*Problem requirements*:
Within the entries below, please return exactly the lines from the one with "Amazon Com Stylpro" through the one with "Rustic Wedding, Wedd...", leaving out any pictures.

_ _ _ _ _

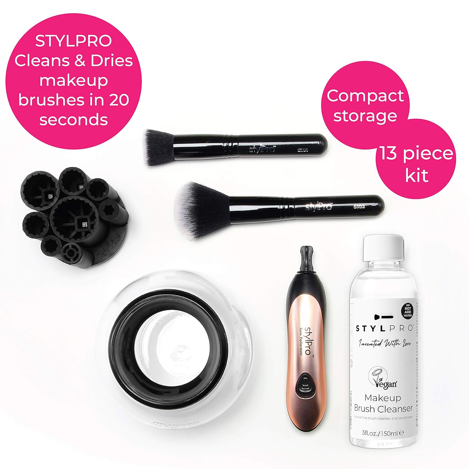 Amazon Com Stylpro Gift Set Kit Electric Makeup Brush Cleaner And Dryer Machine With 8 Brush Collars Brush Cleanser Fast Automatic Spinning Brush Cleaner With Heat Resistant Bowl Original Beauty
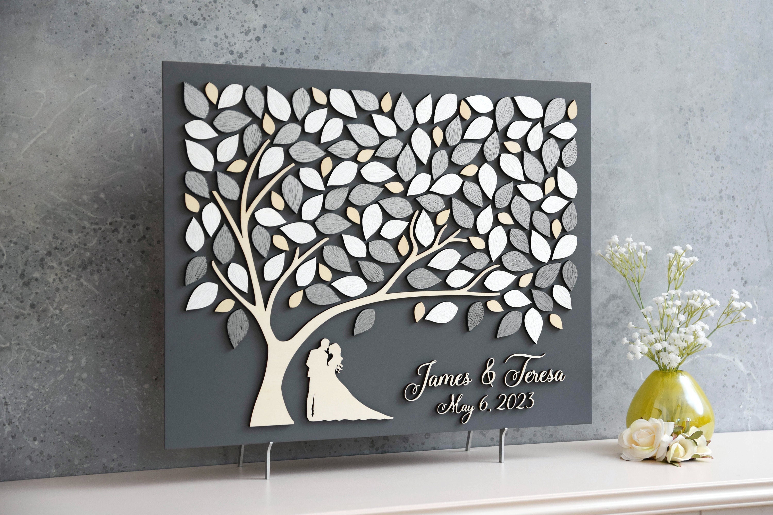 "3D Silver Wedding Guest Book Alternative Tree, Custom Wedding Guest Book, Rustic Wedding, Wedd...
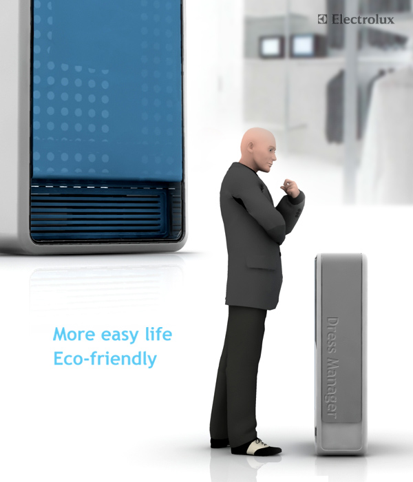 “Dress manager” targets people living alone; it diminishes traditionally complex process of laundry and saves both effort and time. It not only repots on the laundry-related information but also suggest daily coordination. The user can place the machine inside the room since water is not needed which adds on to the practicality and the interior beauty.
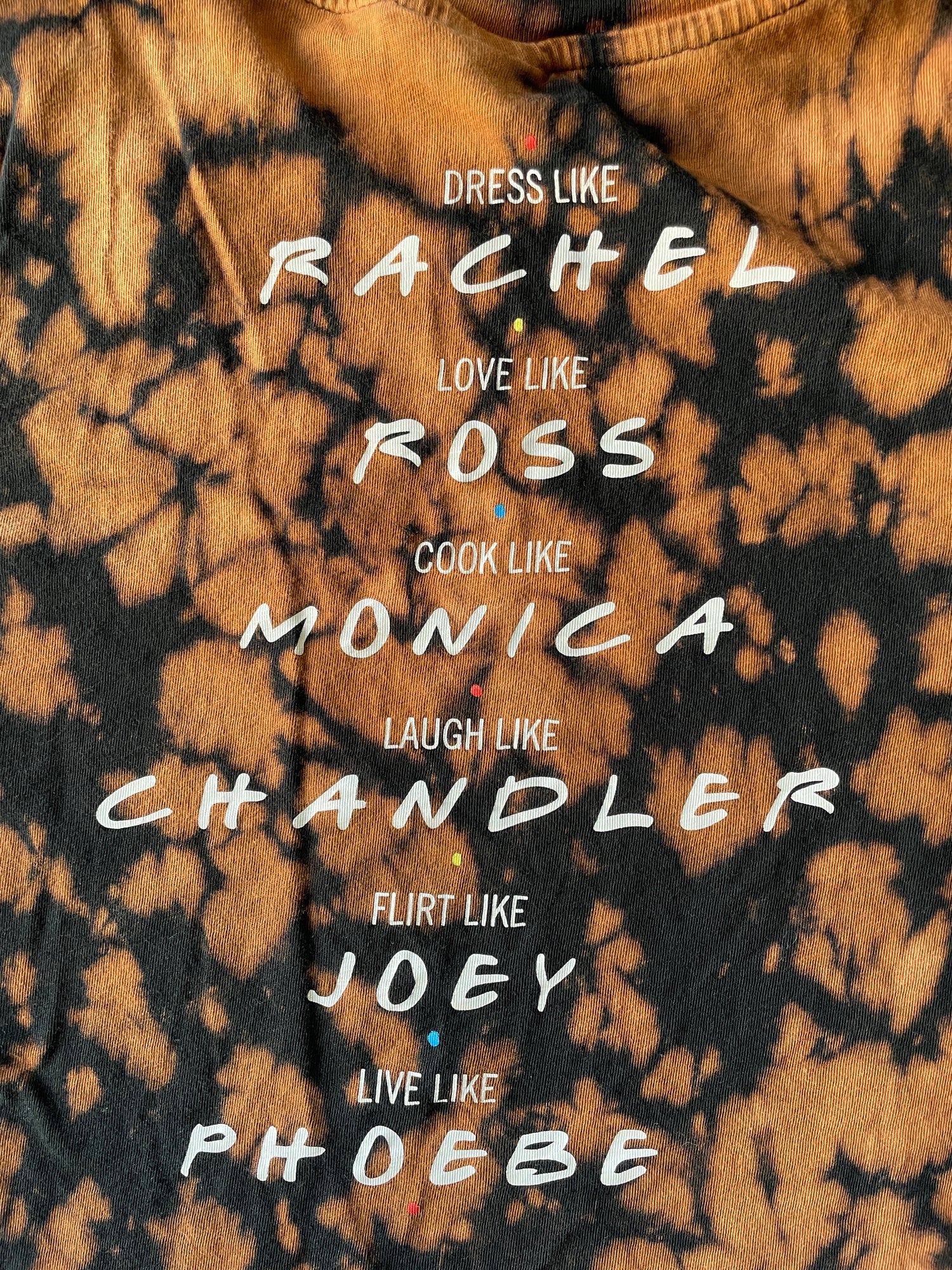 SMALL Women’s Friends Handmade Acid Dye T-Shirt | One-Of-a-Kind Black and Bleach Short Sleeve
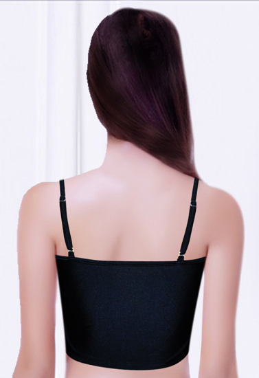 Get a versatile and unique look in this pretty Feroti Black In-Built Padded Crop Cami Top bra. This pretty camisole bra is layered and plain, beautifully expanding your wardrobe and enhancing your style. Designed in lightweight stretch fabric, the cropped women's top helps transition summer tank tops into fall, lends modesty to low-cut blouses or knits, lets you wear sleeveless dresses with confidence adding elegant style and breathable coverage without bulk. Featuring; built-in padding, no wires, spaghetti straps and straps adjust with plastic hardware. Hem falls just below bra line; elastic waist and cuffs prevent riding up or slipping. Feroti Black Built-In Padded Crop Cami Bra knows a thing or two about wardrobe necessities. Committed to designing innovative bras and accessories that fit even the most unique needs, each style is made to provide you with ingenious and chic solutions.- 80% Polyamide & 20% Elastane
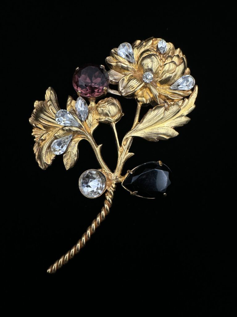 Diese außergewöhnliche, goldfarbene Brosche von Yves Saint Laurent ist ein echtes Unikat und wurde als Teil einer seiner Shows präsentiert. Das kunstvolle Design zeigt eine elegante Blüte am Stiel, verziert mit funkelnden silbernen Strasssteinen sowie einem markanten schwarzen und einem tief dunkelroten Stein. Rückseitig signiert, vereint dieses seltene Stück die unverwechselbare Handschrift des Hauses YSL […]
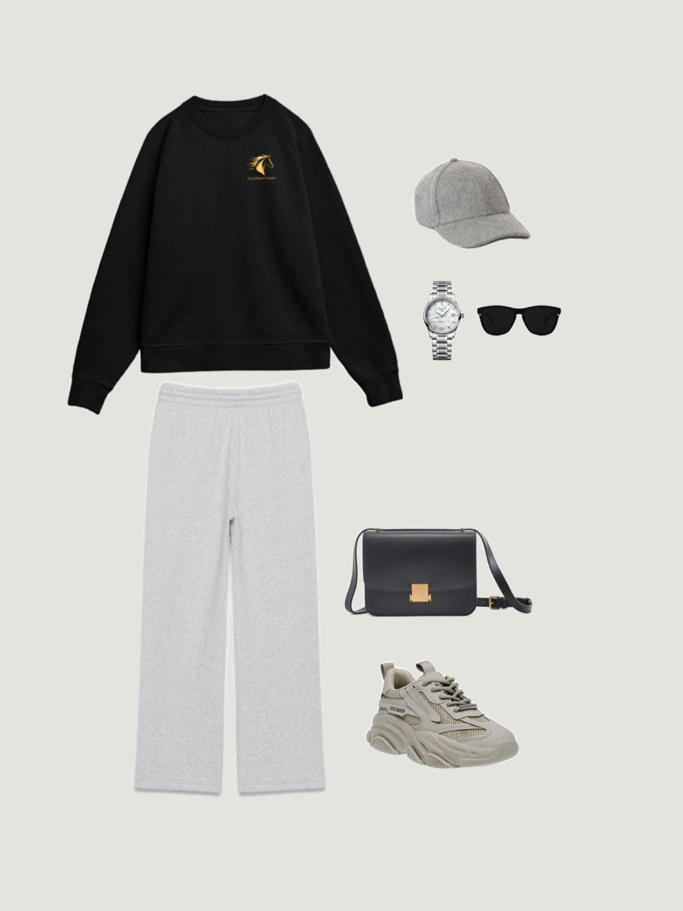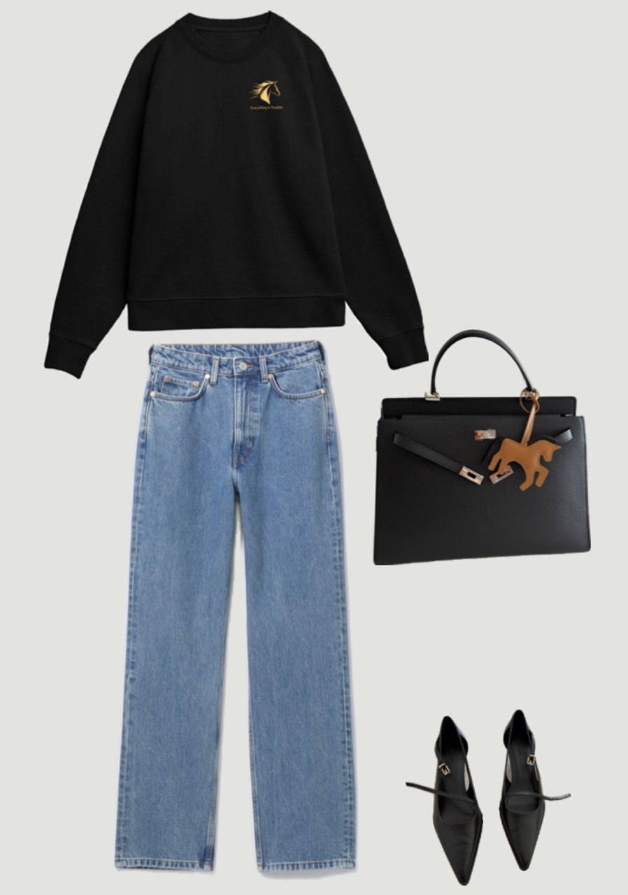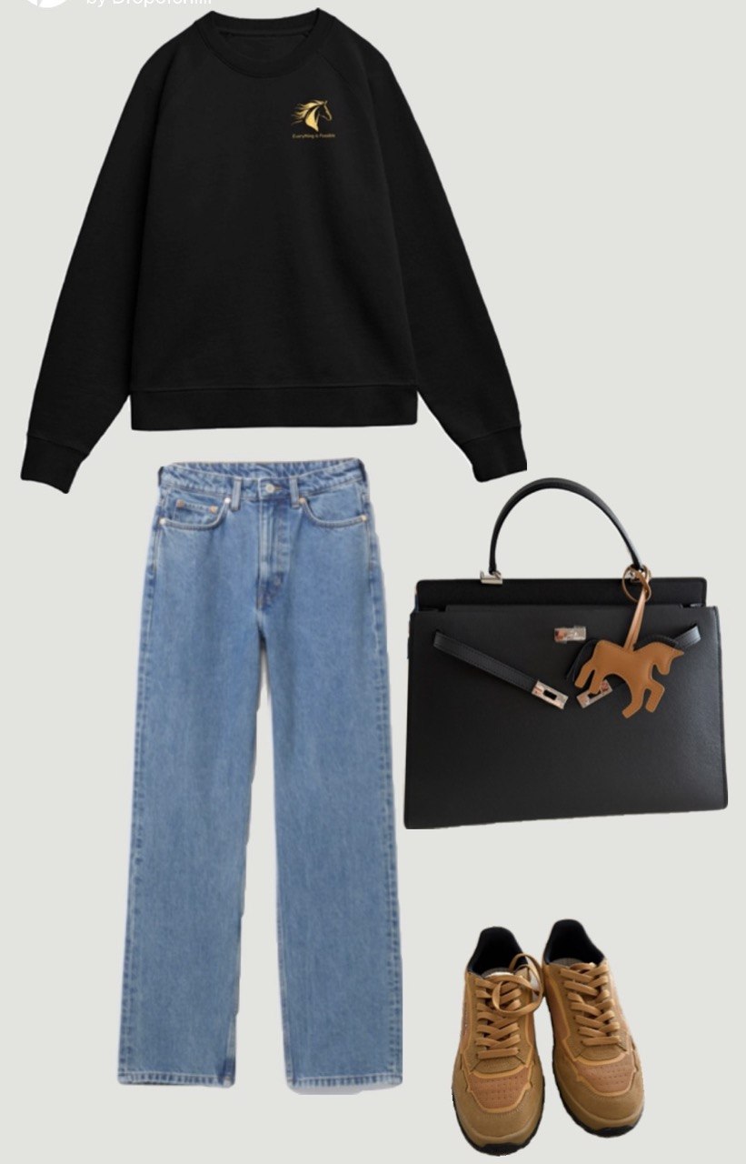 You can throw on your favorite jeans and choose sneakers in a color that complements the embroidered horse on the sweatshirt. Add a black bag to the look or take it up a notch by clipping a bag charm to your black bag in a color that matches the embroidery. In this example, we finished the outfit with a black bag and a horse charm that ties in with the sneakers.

_ _ _ _ _

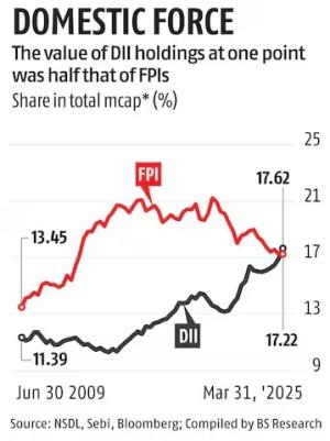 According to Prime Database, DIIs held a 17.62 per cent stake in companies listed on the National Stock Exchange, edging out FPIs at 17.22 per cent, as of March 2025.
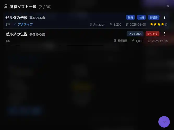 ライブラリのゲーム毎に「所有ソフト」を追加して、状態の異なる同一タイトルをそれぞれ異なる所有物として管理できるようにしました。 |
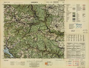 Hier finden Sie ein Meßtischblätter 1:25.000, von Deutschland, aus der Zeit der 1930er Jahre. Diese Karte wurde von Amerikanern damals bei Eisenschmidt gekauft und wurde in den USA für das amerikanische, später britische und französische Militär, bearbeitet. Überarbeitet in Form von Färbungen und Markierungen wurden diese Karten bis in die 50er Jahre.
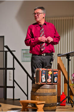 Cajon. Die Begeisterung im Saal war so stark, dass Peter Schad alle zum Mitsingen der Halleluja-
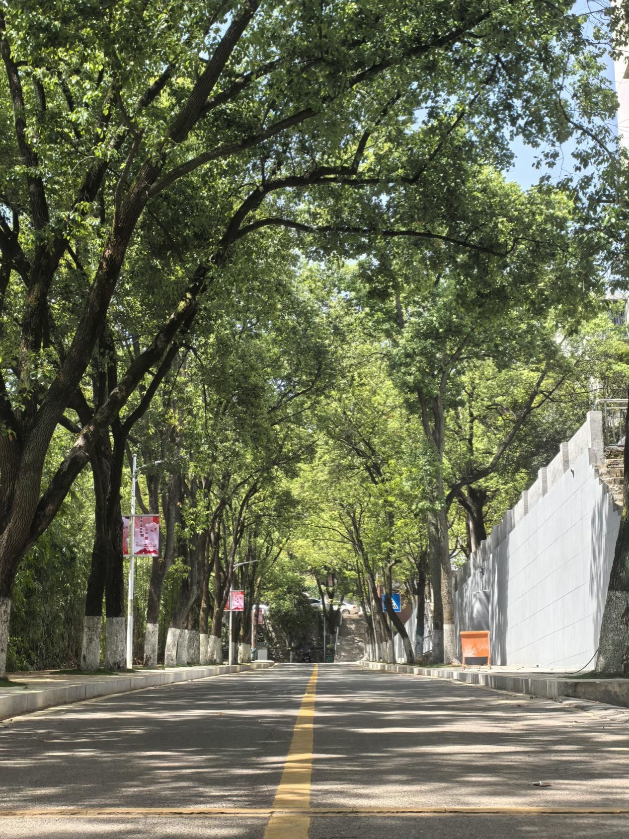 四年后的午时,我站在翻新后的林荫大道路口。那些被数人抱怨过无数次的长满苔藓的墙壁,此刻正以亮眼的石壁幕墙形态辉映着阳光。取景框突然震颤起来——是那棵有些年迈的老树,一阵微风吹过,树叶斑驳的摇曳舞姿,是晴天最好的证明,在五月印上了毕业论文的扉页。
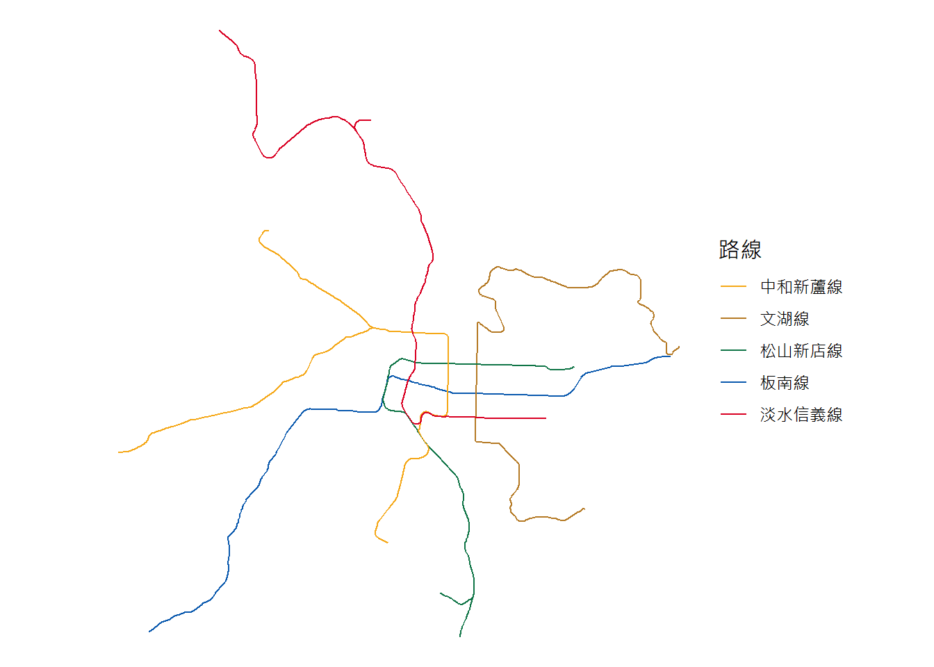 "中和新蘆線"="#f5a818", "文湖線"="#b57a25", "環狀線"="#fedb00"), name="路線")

_ _ _ _ _

*Answer for this exercise*:
 Amazon Com Stylpro Gift Set Kit Electric Makeup Brush Cleaner And Dryer Machine With 8 Brush Collars Brush Cleanser Fast Automatic Spinning Brush Cleaner With Heat Resistant Bowl Original Beauty
 "3D Silver Wedding Guest Book Alternative Tree, Custom Wedding Guest Book, Rustic Wedding, Wedd...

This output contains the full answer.